Aim of the exercise
Starting with the line that has "一早从哈尔滨出发开车去黑河,结果大雪高速" in the records below and ending with the line that has "在訓(xùn)練階段,軟件無", output those lines exactly and nothing more; omit the pictures.

[[ Data supplied, beginning ]]

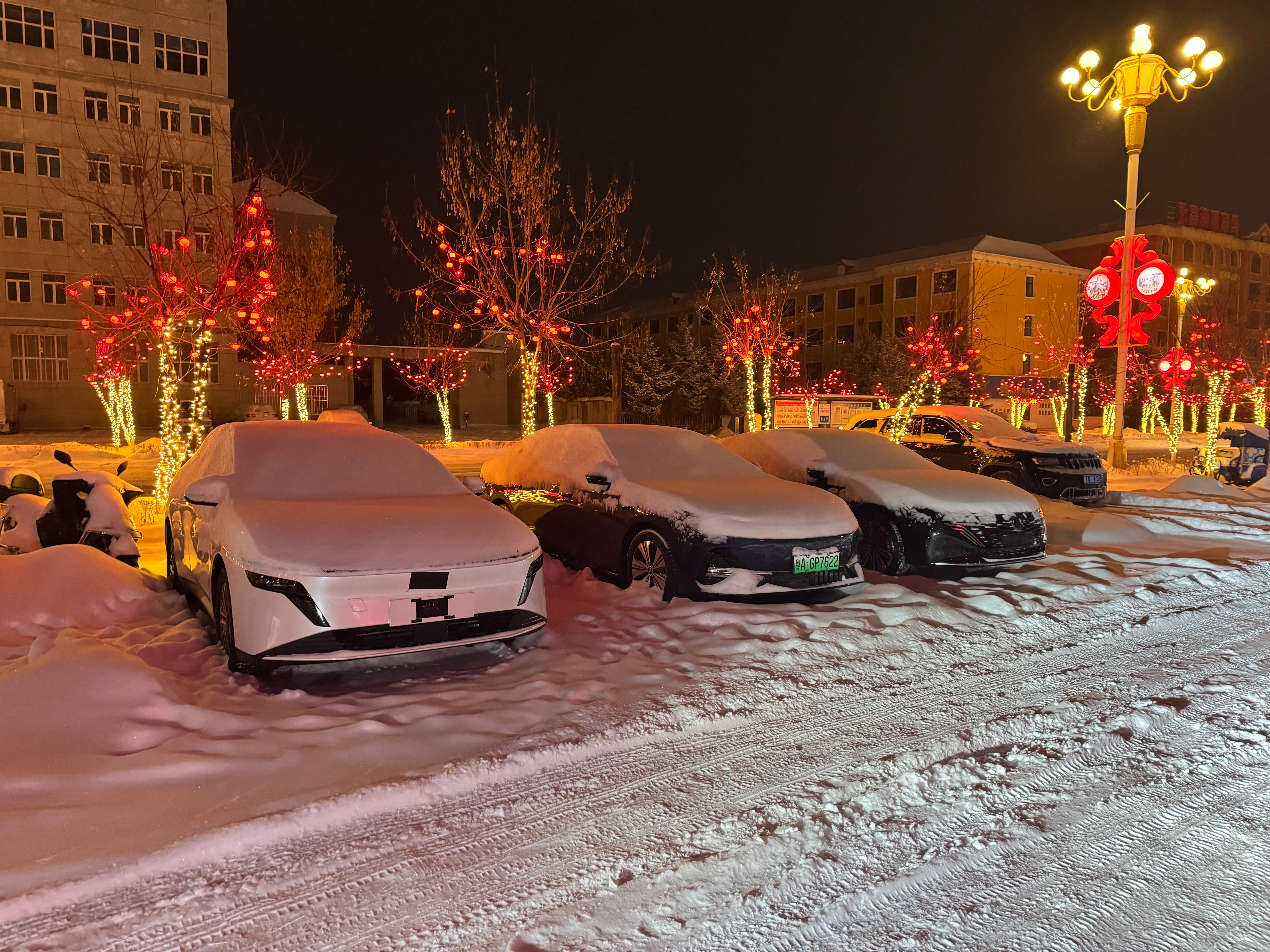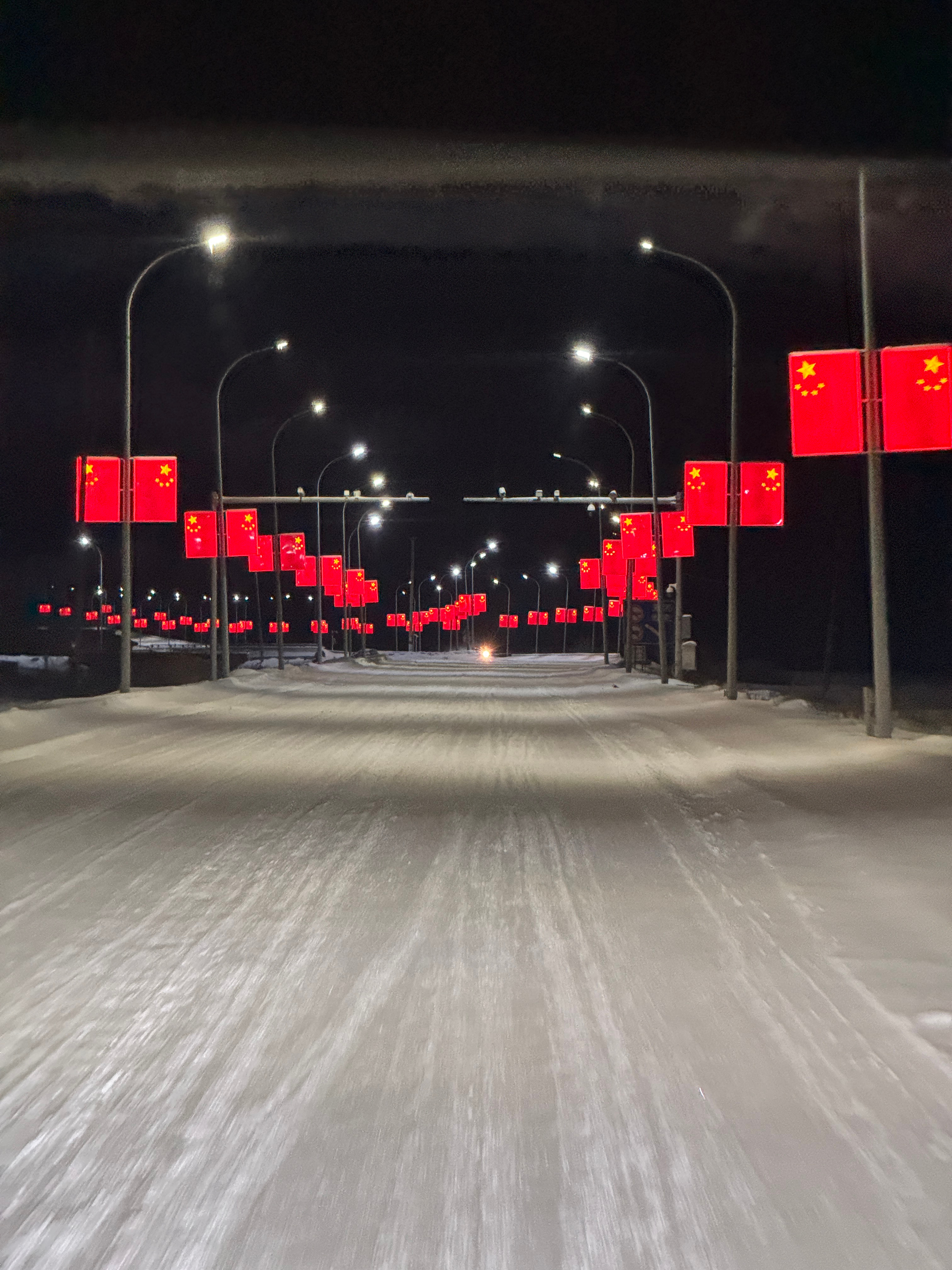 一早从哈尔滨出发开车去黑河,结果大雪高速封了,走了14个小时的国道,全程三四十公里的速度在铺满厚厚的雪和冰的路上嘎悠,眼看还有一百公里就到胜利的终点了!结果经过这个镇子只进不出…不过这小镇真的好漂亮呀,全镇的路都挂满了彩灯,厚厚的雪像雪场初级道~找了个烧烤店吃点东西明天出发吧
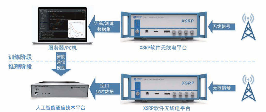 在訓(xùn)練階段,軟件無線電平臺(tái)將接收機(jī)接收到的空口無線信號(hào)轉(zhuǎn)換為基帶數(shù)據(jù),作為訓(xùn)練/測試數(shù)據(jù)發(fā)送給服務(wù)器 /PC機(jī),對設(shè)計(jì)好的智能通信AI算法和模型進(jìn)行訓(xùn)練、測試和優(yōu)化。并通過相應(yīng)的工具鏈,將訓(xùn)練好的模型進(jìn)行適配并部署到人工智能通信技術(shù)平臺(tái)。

[[ Data supplied, end ]]
[[ Data supplied, beginning ]]

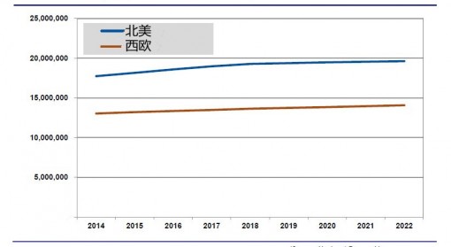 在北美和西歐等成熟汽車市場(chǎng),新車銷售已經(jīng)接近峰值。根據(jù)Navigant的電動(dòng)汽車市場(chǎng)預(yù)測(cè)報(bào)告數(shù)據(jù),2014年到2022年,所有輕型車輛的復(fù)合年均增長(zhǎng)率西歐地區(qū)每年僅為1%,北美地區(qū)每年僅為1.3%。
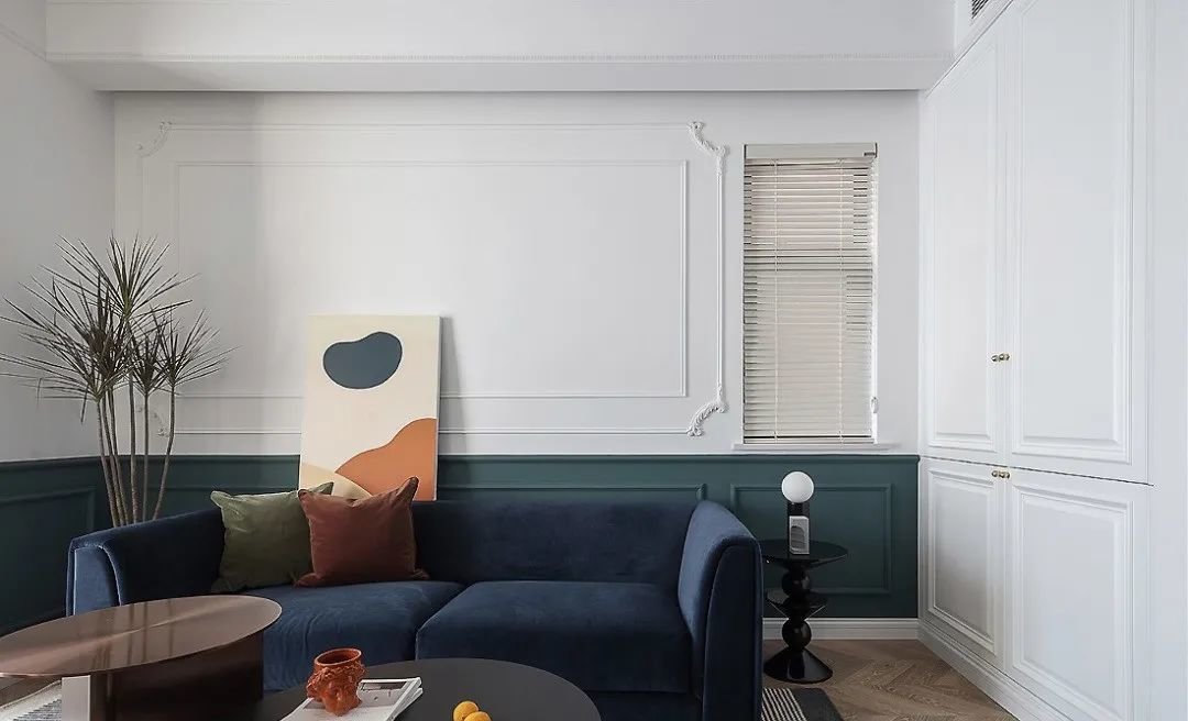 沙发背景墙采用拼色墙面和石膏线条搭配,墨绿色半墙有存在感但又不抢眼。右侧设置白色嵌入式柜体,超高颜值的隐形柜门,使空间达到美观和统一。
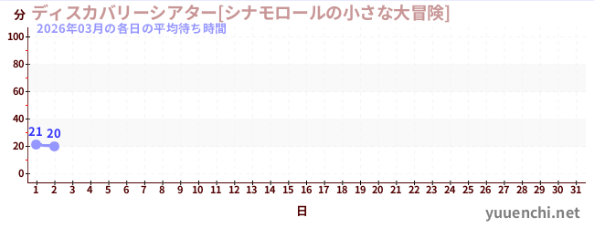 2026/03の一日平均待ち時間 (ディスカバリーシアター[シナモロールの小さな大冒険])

[[ Data supplied, end ]]

Answer below
 一早从哈尔滨出发开车去黑河,结果大雪高速封了,走了14个小时的国道,全程三四十公里的速度在铺满厚厚的雪和冰的路上嘎悠,眼看还有一百公里就到胜利的终点了!结果经过这个镇子只进不出…不过这小镇真的好漂亮呀,全镇的路都挂满了彩灯,厚厚的雪像雪场初级道~找了个烧烤店吃点东西明天出发吧
 在訓(xùn)練階段,軟件無線電平臺(tái)將接收機(jī)接收到的空口無線信號(hào)轉(zhuǎn)換為基帶數(shù)據(jù),作為訓(xùn)練/測試數(shù)據(jù)發(fā)送給服務(wù)器 /PC機(jī),對設(shè)計(jì)好的智能通信AI算法和模型進(jìn)行訓(xùn)練、測試和優(yōu)化。并通過相應(yīng)的工具鏈,將訓(xùn)練好的模型進(jìn)行適配并部署到人工智能通信技術(shù)平臺(tái)。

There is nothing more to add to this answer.